Re: how about enabling TLS on your Assignment Servers?
+1f
Common crypto algorithms used by TLS is basically «free» on modern CPUs.
Also: TLS and work unit distribution/reception should probably be implemented on a load balancer rather than talking to each individual server. Also, port 8080 is blocked by a lot of default firewall configs. I just noticed it might be possible to report these as issues on Folding@home's GitHub, I'll look into it : ) (Can't post link because I've been quarantined, that is, by the forum, not by Covid-19).
Common crypto algorithms used by TLS is basically «free» on modern CPUs.
Also: TLS and work unit distribution/reception should probably be implemented on a load balancer rather than talking to each individual server. Also, port 8080 is blocked by a lot of default firewall configs. I just noticed it might be possible to report these as issues on Folding@home's GitHub, I'll look into it : ) (Can't post link because I've been quarantined, that is, by the forum, not by Covid-19).
Re: how about enabling TLS on your Assignment Servers?
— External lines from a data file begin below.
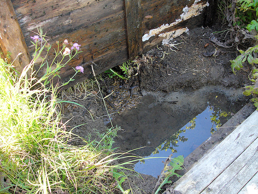 Prosinec 2015 - původní zaniklá studánka, z níž se posléze vytvořil pramen, nyní před lyžařskou sezonou 2015/16 upravena opět na studánku. Aktuální foto Petr Vomáčka.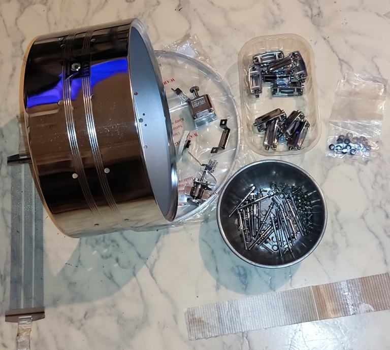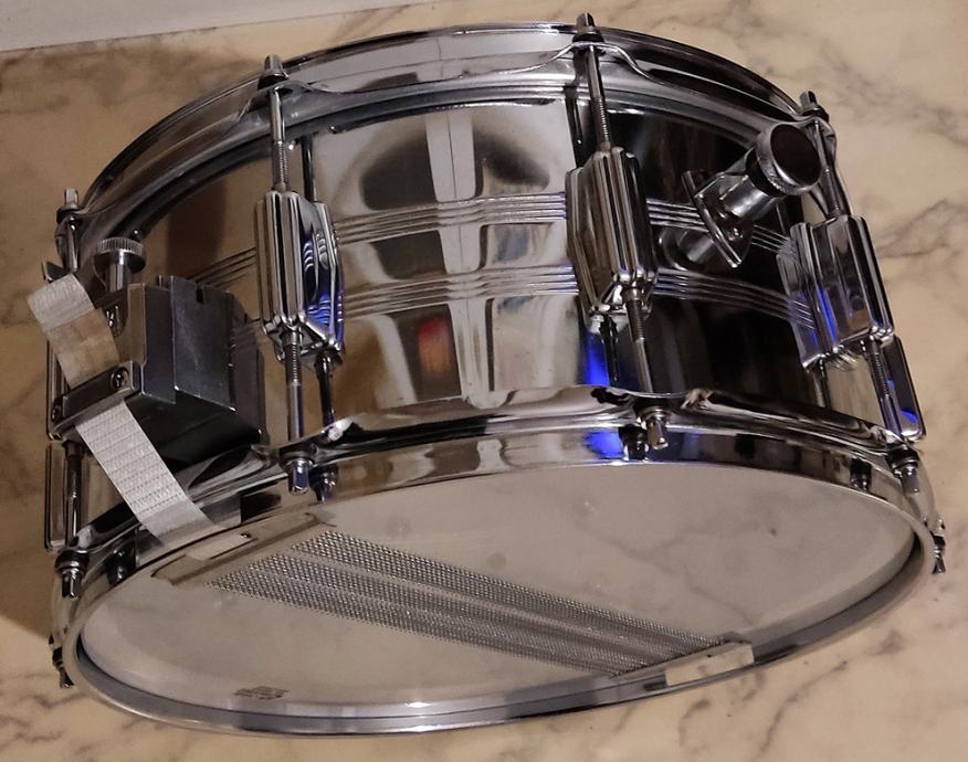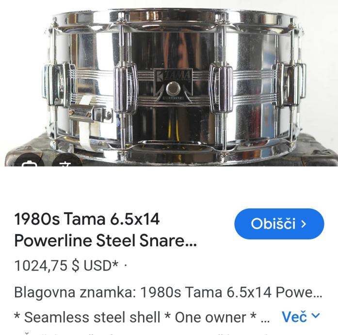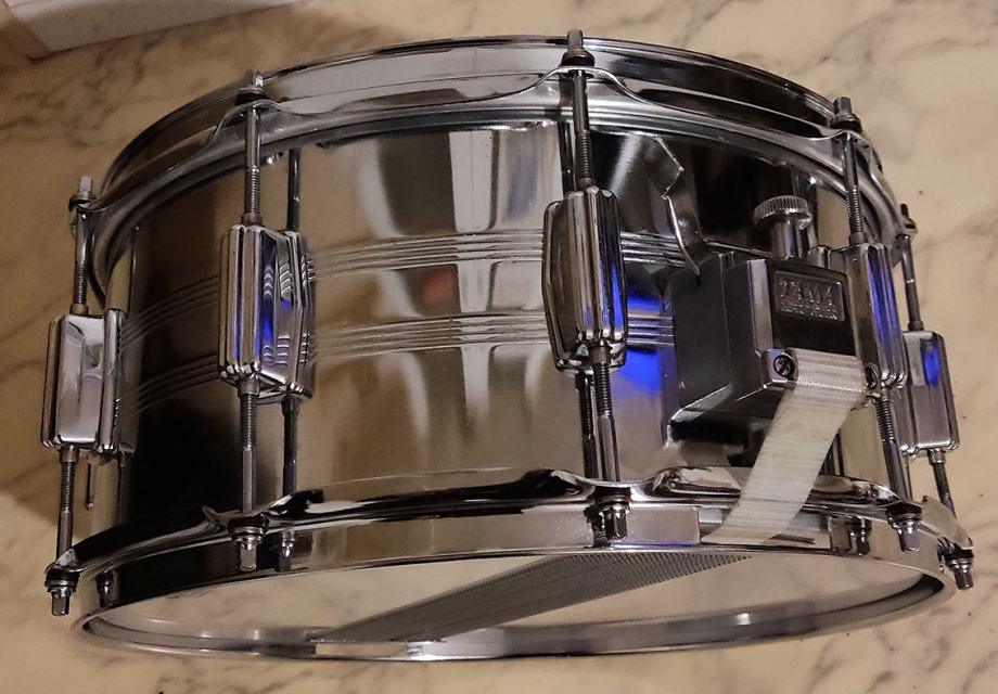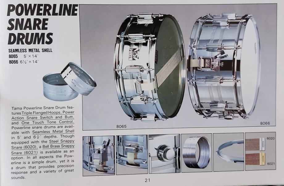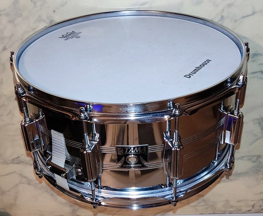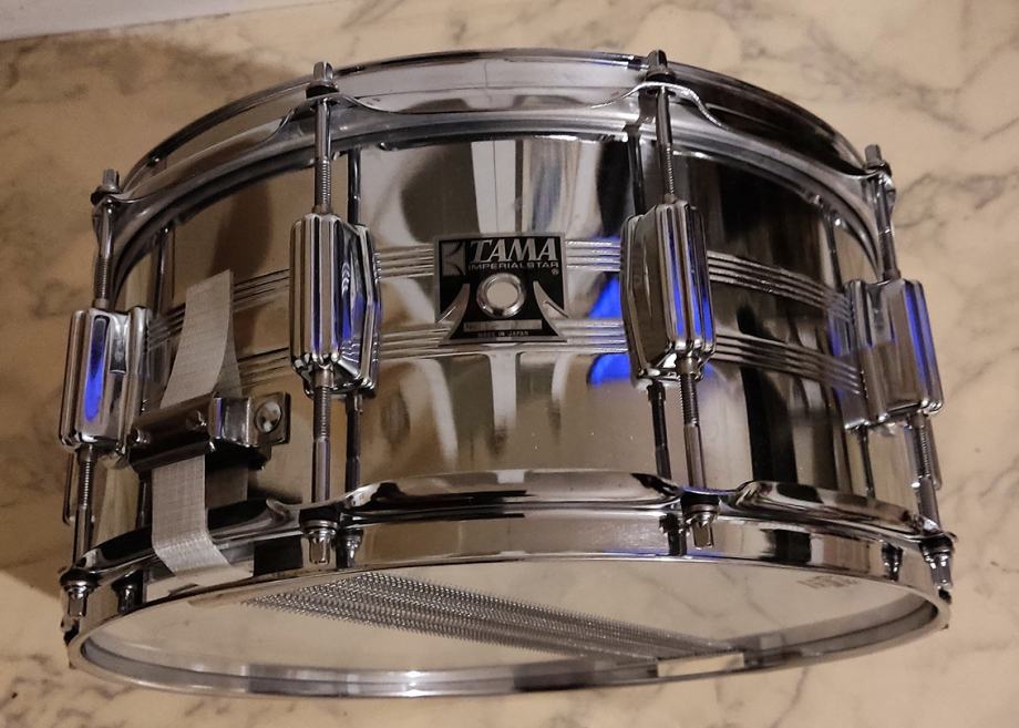 Tama Imperialstar Powerline 14x6,5, Japan, letnik 82, brezšivna fusta, bolj preprosta verzija pseudo paralelnega mehanizma za mrežico Mastercrafta, sploh pa paralelnega mehanizma King Beata.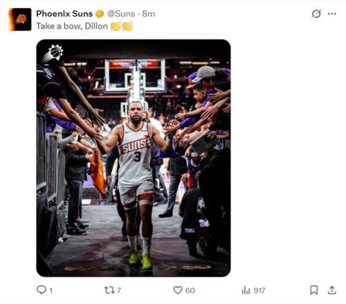 40+8迎生涯之夜!太陽官方為狄龍鼓掌美記:徹底改變鳳凰城文化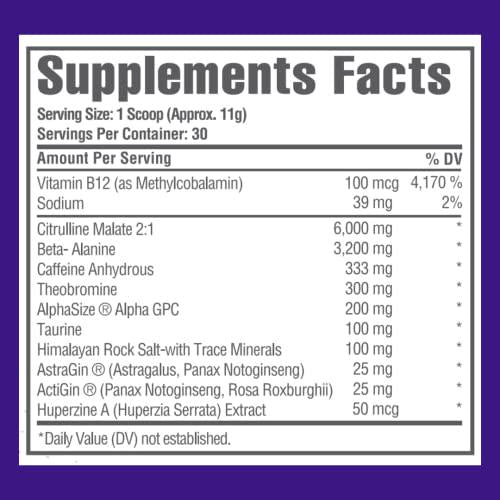 Serpent Pre-Workout Black Fire Berry 30 Servings Energy Focus Powerful Pumps Caffeine Anhydrous AlphaSize Beta-Alanin AstraGin ActiGin Alpha GPC Citrulline Malate B12 Taurine Huperzine A Theobromine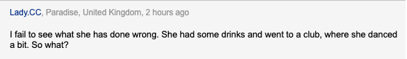 我看不出她做错了什么,她就是喝了点酒,去了夜店,然后跳了会儿舞。这怎么了?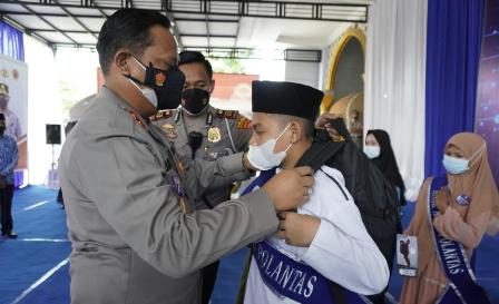 Kegiatan tersebut dilanjutkan penyematan slempang yang bertuliskan “Anak Asuh Polantas” kepada perwakilan anak asuh oleh Kapolres Bojonegoro. Sekaligus pemberian peralatan sekolah dan santunan.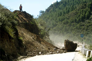 Since my destination was Thimpu and since i had been clearly told that there is no accommodation in between, I rode on, keeping in mind that I was riding in regions where by 1700 Hrs it becomes dark. And, one rule I had learnt from previous experience was: AVOID RIDING IN THE DARK. Now, about 2-3 kms from Dantak canteen, something was bound to happen. Just when I take a sharp curve downhill, there in the middle of the highway is a huge bike with LOTS of luggage and two riders clicking photographs to glory. I come closer and I see a Bullet with a Delhi registration. I was aware that Praveen Rao and Pady, fellow 60kphers were somewhere in the region. I had checked my mail in Phuntsholing and knew that the two of them were traveling from Delhi to Nepal, probably Bhutan, and then to Assam. With this prior info, I rode up to the rider and stopped my bike. A very very suspicious rider looked at me. And in middle of nowhere in Bhutan, I asked him if he was Praveen Rao.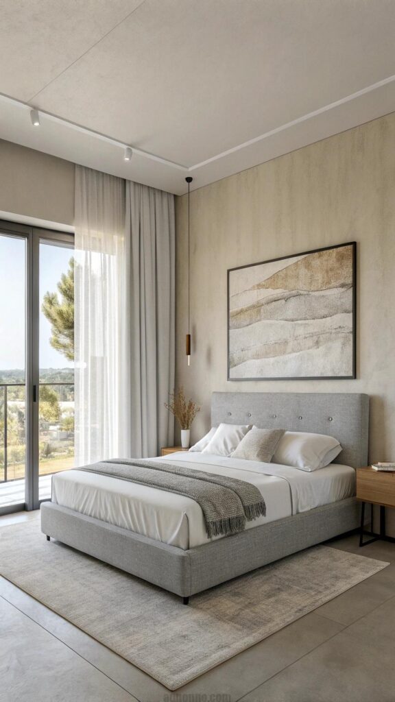 Maximize natural light in a beige and grey bedroom. Light colors enhance brightness and spaciousness. This design creates an airy, uplifting environment.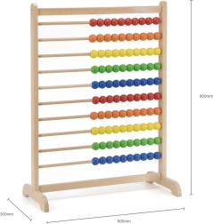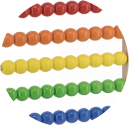 Katra rindā ir lodītes spilgtās krāsās, kas palīdz bērniem vieglāk saprast un saskaitīt. Šis vizuālais elements veicina arī radošumu un sīko motoriku.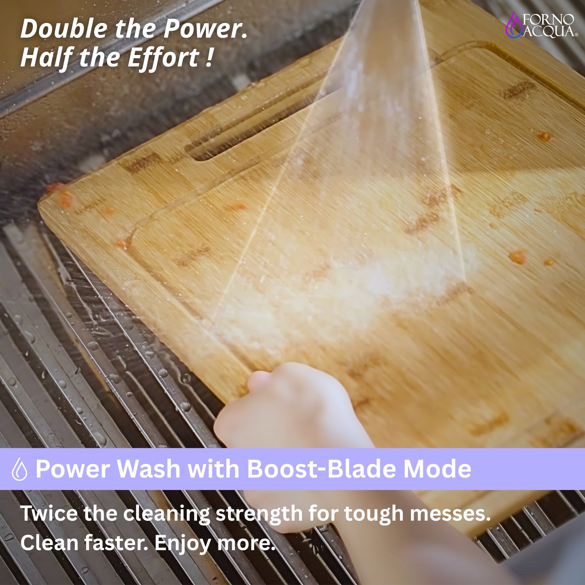* 4-Function Stainless Steel Pull Down Pivoting Waterfall Chef Faucet combines wide Waterfall Rinse with Boost Blade Power Wash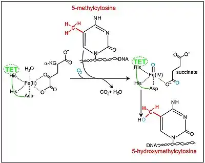 In particular, 5-methylcytosines in DNA can be demethylated by TET enzymes as illustrated in the figure. TET enzymes are dioxygenases in the family of alpha-ketoglutarate-dependent hydroxylases. A TET enzyme is an alpha-ketoglutarate (α-KG) dependent dioxygenase that catalyses an oxidation reaction by incorporating a single oxygen atom from molecular oxygen (O2) into its substrate, 5-methylcytosine in DNA (5mC), to produce the product 5-hydroxymethylcytosine in DNA. This conversion is coupled with the oxidation of the co-substrate α-KG to succinate and carbon dioxide (see figure).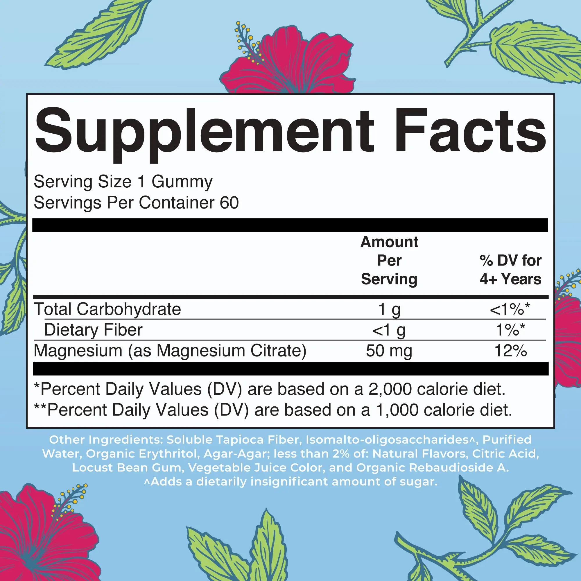 Magnesium Gummies for Kids: Delicious natural hibiscus-flavored magnesium gummies that your kids will love! Support calm with this magnesium citrate sleep supplement for kids.

Glad there is a discussion on this. All I can say is that a few months ago before volunteer clients came on board, this whole operation was run and designed by a bunch of good hearted individuals, designed to operate lean and mean. Now that the distributed computing system has more processing power than the top 7 supercomputers in the world, combined, it may find itself of interest to nation states that it is currently spanking.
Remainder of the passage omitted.